Once again, T.J. Wireman manned the starter while Ginger held the exhaust deflector. Having just come off the warm-up cycle it started more easily than usual. Ted kept the warm-up going as they waited for the previous car to get off the track, building the RPM up slowly, then shutting down quickly with a backfire that echoed through the pits and the half-filled grandstand. Finally, after what seemed an eternity, Ted got the signal to take the track; the engine picked up speed as the car pulled away, and again they watched him drive down the acceleration lane inside turn one.

“Well, that’s it,” Ray sighed as they heard the car speed off into the distance. “I’ve been so damn busy I haven’t had a chance to see what he’s going to have to beat to make into the field.
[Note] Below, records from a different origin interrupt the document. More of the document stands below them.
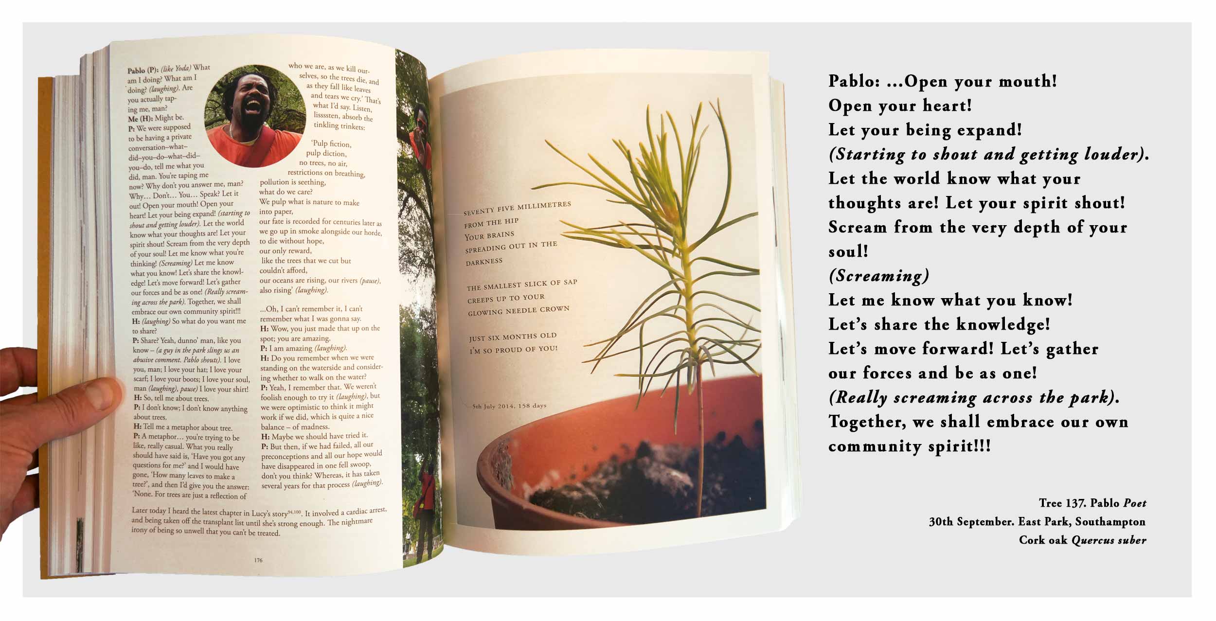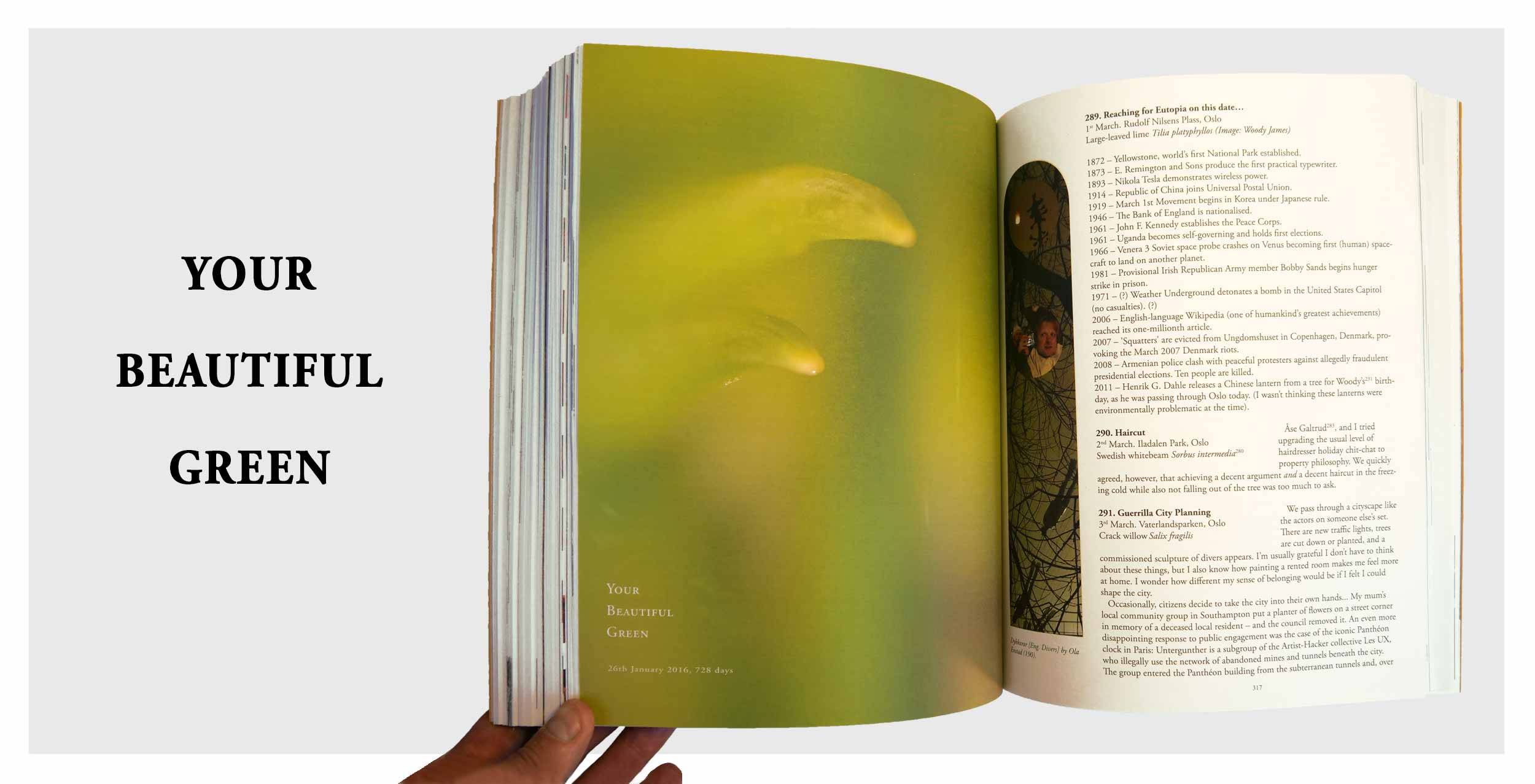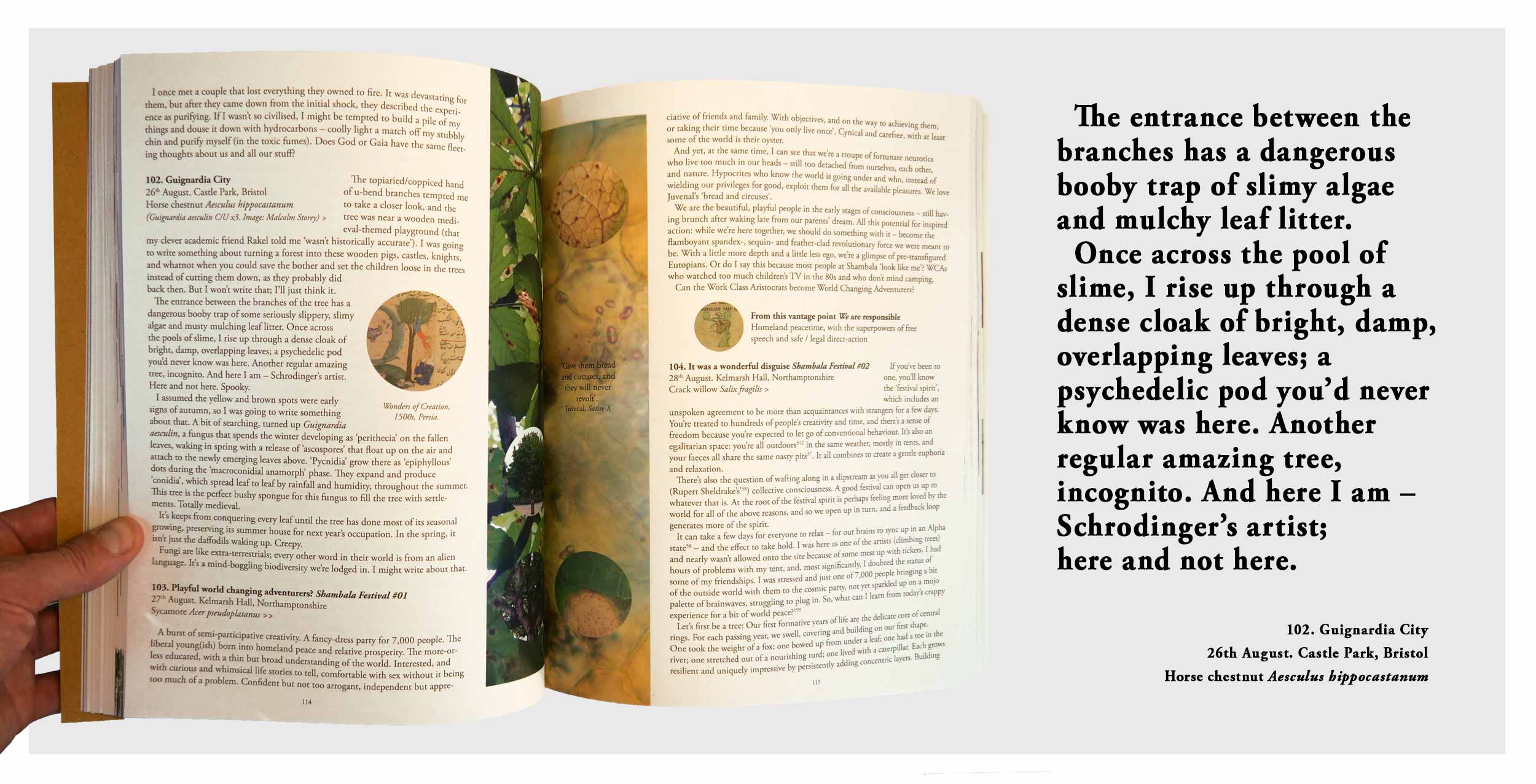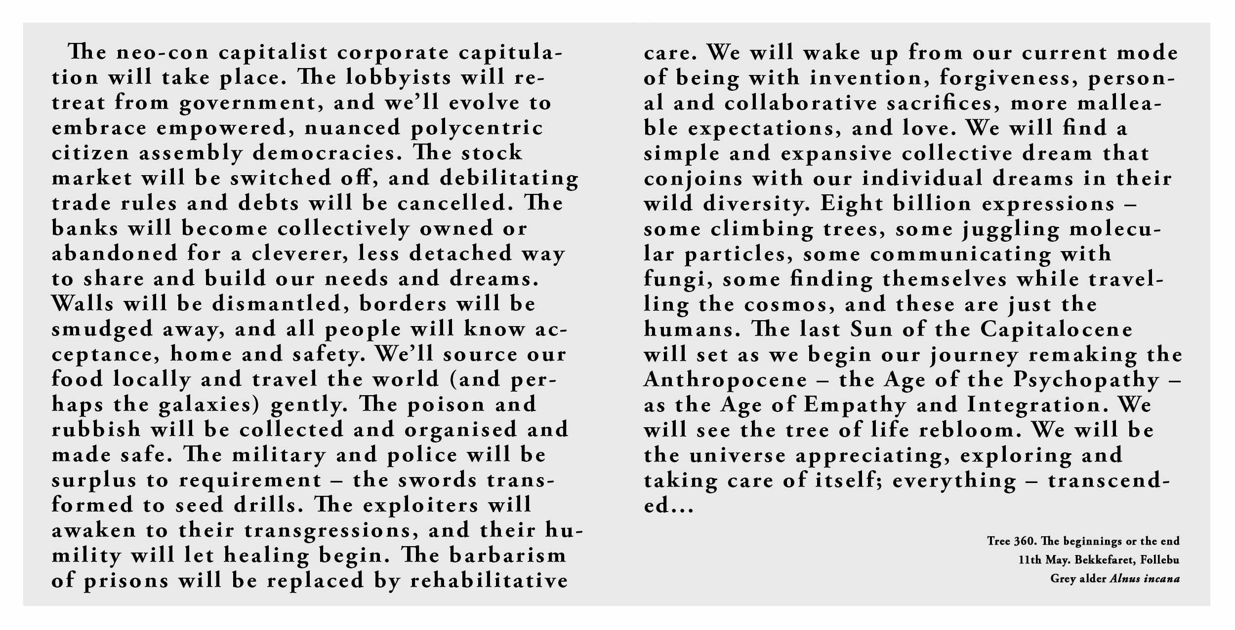 …And, this book is a radical creative antidote, as reflected by the quiet explosion of trees. Art of Climbing Trees (A.C.T.), isn’t really about climbing trees, despite every page featuring my daily climbs for a year in extra/ordinary trees. Climbing trees is fun, challenging, and exhilarating however, and I recommend the simple encounter with nature. For me, they also gave a journey, a structure, and a reason to learn and pay closer attention; they gave me a place to play and provided the perfect strange and nostalgic setting for conversations, all culminating in a ‘Greenprint’ โ my suggestions for a transition to Eutopia, and how to break the cycle of violence, once and for all.
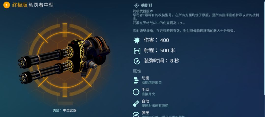 在目前的"中型机枪武器"中,[终极惩罚者] 有着两个枪管,射程达到 500 米。虽然其 DPS(每秒伤害)比 [监管者] 稍稍逊色,但它发射的射弹具备无视防御的特性,这让它能有效克制 “肉盾型” 机甲,尤其对[芬里尔]这类以坦度见长的机甲有着明显的克制效果。
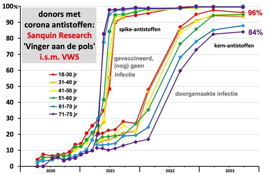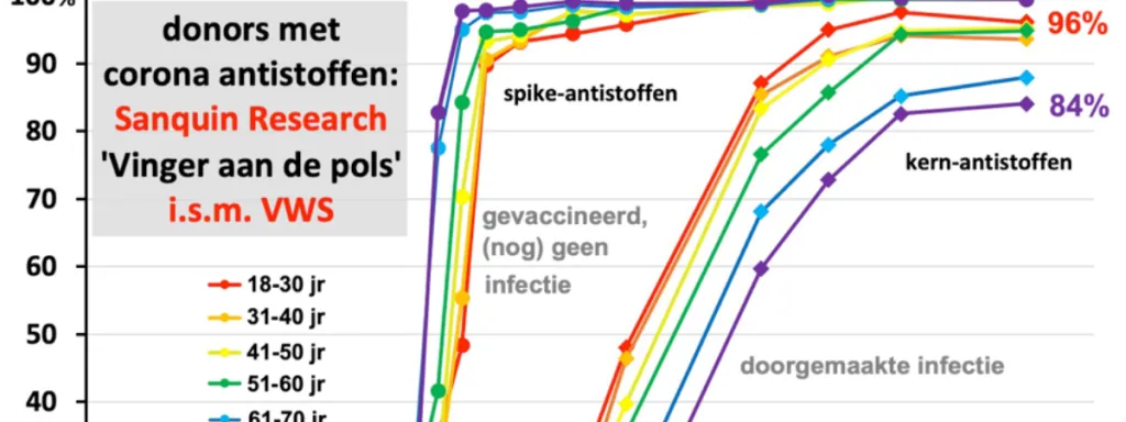 Sanquin Research meet regelmatig bij Nederlandse donors de antistoffen tegen SARS-CoV 2, en stelt vast of die zijn opgewekt door vaccinatie of door infectie met het virus. Bij de meest recente meting, eind september, is vastgesteld dat inmiddels 92,5% van de donors een infectie heeft doorgemaakt, wat de besmettelijkheid van de omikronvariant nog eens onderstreept. Het effect van vaccinatie meetellend, heeft minstens 99,7% antistoffen.

Anyone have any idea?”

“It’s 196.347,” a nearby official replied for him. “Keyser’s the one on the bubble, now.”

“Keyser?” Wireman frowned. “Shit, talk about damned if you do, damned if you don’t. Shit, he should have been able to get that thing going faster than that.”

Ginger turned to Ray and whispered, “Keyser, that’s his third car, right?”

“Right,” Ray shook his head. “How the hell did that happen? Don’t say anything!”

Neither Ginger nor Ray said anything to Wireman, but a TV reporter with a cameraman did. “Mr. Wireman,” the reporter asked, “how do you feel about the car you’ve been working all afternoon on trying to knock a car you own off the bubble?”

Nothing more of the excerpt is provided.